Commits related to this issue

Add basic regression test for issues #7608 and #9690. — committed to apollographql/apollo-client by benjamn 2 years ago
Add basic regression test for issues #7608 and #9690. — committed to apollographql/apollo-client by benjamn 2 years ago
Guarantee `Concast` cleanup without `Observable cancelled prematurely` rejection (#9701) Should fix/improve issues #7608 and #9690, and possibly others. — committed to apollographql/apollo-client by benjamn 2 years ago
Implement concast.beforeNext as replacement for concast.cleanup. Doing this right would potentially resolve issue #9690. — committed to apollographql/apollo-client by benjamn 2 years ago
Implement concast.beforeNext as replacement for concast.cleanup. Doing this right would potentially resolve issue #9690. — committed to apollographql/apollo-client by benjamn 2 years ago
Implement concast.beforeNext as replacement for concast.cleanup. Doing this right would potentially resolve issue #9690. — committed to apollographql/apollo-client by benjamn 2 years ago
Backport PR #9793 from apollographql/issue-9773-unbreak-BatchHttpLink PR #9793 was first released in v3.7.0-beta.3 for testing, and now (in this PR) will be backported to the `main` branch, to be rel... — committed to apollographql/apollo-client by benjamn 2 years ago

Most upvoted comments

@jdmoody I appreciate all the details, and while I share your uncertainty about how many different issues we’re talking about here, I think there must be something wrong with BatchHttpLink, probably a bug that’s been there for a while but was only revealed by other changes recently, so that’s what I’m currently looking into.

benjamn on May 31, 2022

Run some e2e tests on 3.7.0-beta.3 and they are all green.
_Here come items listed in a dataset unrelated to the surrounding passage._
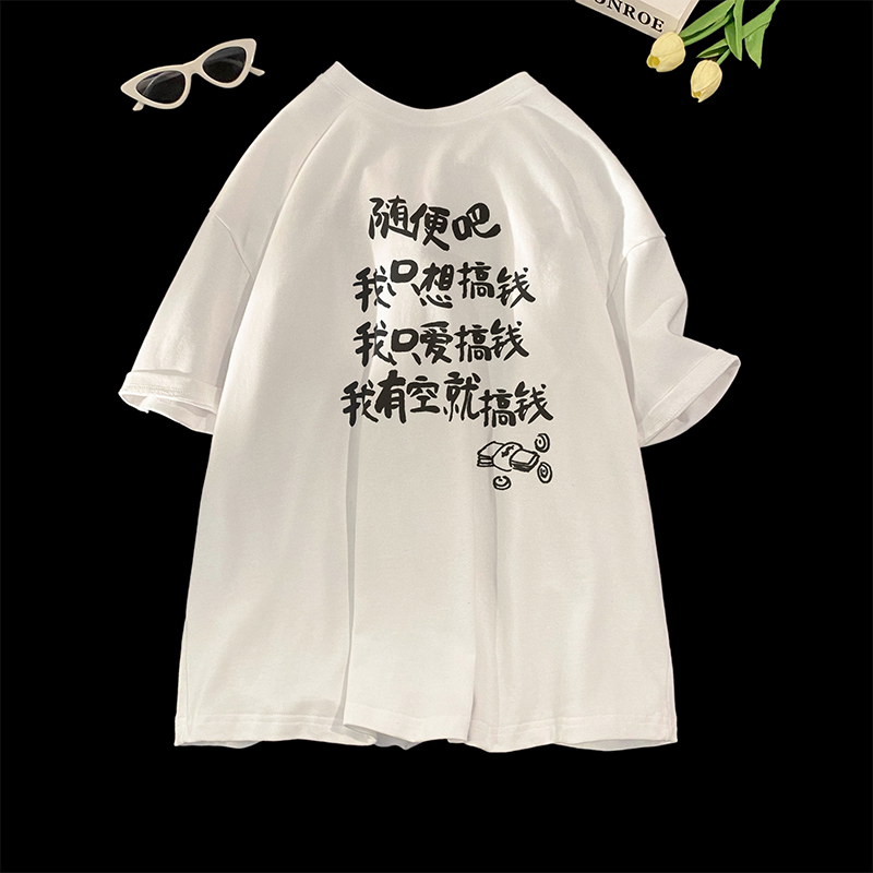 情侣上衣女 潮牌高街宽松百搭半截袖 我只想搞钱印花短袖 t恤男夏季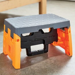 There is a problem adding to cart. Product title cosco 1 step molded folding step stool type 1a black orange and gray. The solid one piece top provides a large sturdy and stable standing area and holds up to 300 lbs.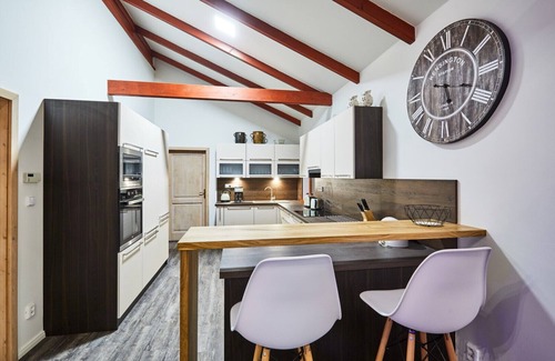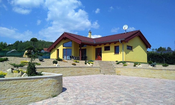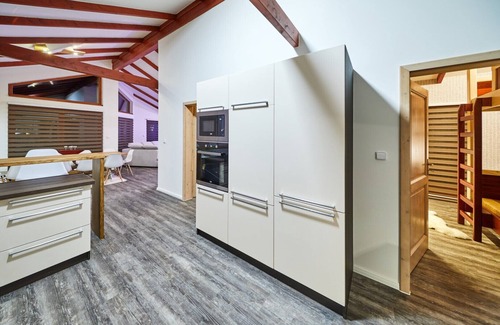 Looking for a holiday home that feels like a gift to yourself? This modern wellness villa is anything but ordinary. Thoughtfully designed and recently built, this chalet is your perfect retreat – whether you're travelling with family or friends.Step inside and you’ll find a bright and stylish living space with large windows, a cosy sitting area with a fireplace, and a dining area where you’ll want to linger long after dinner. The villa sleeps up to 10 guests and features three bedrooms and two comfortable bathrooms. But the real wow-factor? Your own private wellness: a Finnish sauna, a jacuzzi for five people, and a 3 x 7.5 metre saltwater pool – partially covered, so you can swim from May to September, rain or shine.Outside, you'll enjoy a spacious garden with two covered terraces. Plenty of privacy, peace and quiet – plus a stone barbecue, sun loungers and even a trampoline for the kids. Or just grab a book and a glass of wine. Do as much or as little as you like.The location? A peaceful little village near Hostinné, in the foothills of the Giant Mountains. Skiing or cross-country trails are just 11 km away (Mladé Buky), and in summer you’ll find endless opportunities for hiking, biking or golfing. Day trips to Trutnov, the safari park in Dvůr Králové or the baroque gem of Kuks are all within easy reach – and even a quick visit to Poland is well within reach.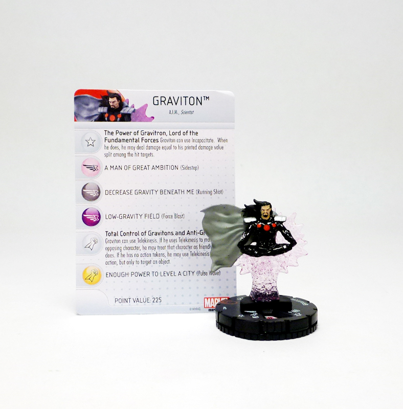 The classic Graviton was a powerhouse boasting an incredible 12 range with three targets, great powers, and solid stats (for the time, and even now his damage track is enviable for 178 points). So let’s take a look at the newcomer. Age of Ultron Graviton is 47 points more expensive and comes loaded with Flight, Indomitable, a respectable 9 range with three targets, and a trait giving him permanent access to Incapacitate that also does damage! An eight-click dial boasts a lot of high numbers, especially in attack and damage (like his previous version). Graviton’s dial is broken up into three sections starting with Sidestep, a special power giving him Telekinesis that counts enemies as allies for movement and gives the free movement of objects when he has no action tokens, and Invulnerability. On click #3 the villain gets really mad and switches to Running Shot, a 12 attack Pulse Wave, Impervious, and a 5 damage with another special power locking the speed of enemies given an action within 5 squares at a 3. The “Master of the Fundamental Force” sees on his last three clicks Force Blast, a lethal three-target Energy Explosion, and a third special power granting Energy Shield/Deflection and Toughness. Leaving 75 points for support Graviton can be really effective in a 300 point game, and he pairs up best with figures sharing his A.I.M. or Scientist keywords.

Thanks for the update @benjamn

andrew-hu368 on Jun 8, 2022

I am also having this issue.

Some queries hang are never dispatched with 3.6.* - but only when using BatchHttpLink - the issue does not occur when using HttpLink Just tried 3.7.0-alpha.5 - no joy.

Last version I can get to work with my BatchHttpLink setup is 3.5.10

Don’t have time to put together a repro - also it seems intermittent - but can answer questions if it helps…

bentron2000 on May 17, 2022

I also have hanging queries as described in this issue. Some details:

I’m upgrading from 3.2.2 to 3.6.5 (other issues prevent me from upgrading to versions between 3.2 and 3.6)
I had the same issue with 3.7.0-alpha.4
I’m currently using React 18 in legacy mode with v3.2.2 without any issues
I’m using BatchHttpLink and the issue goes away when I replace BatchHttpLink with apollo client’s HttpLink
It seems to always be the last useQuery call made that hangs (I can go into more detail about how I measured this if helpful).

This has been especially hard to debug because I haven’t been able to reproduce it in a dev environment. I’m only able to reproduce it when deploying my app to a production-like environment. Then, when I try to attach a debugger to the box, I’m no longer able to reproduce it 😵

Afaict, this is the only issue blocking me from upgrading to v3.6, which is the only thing blocking me from using certain React 18 features.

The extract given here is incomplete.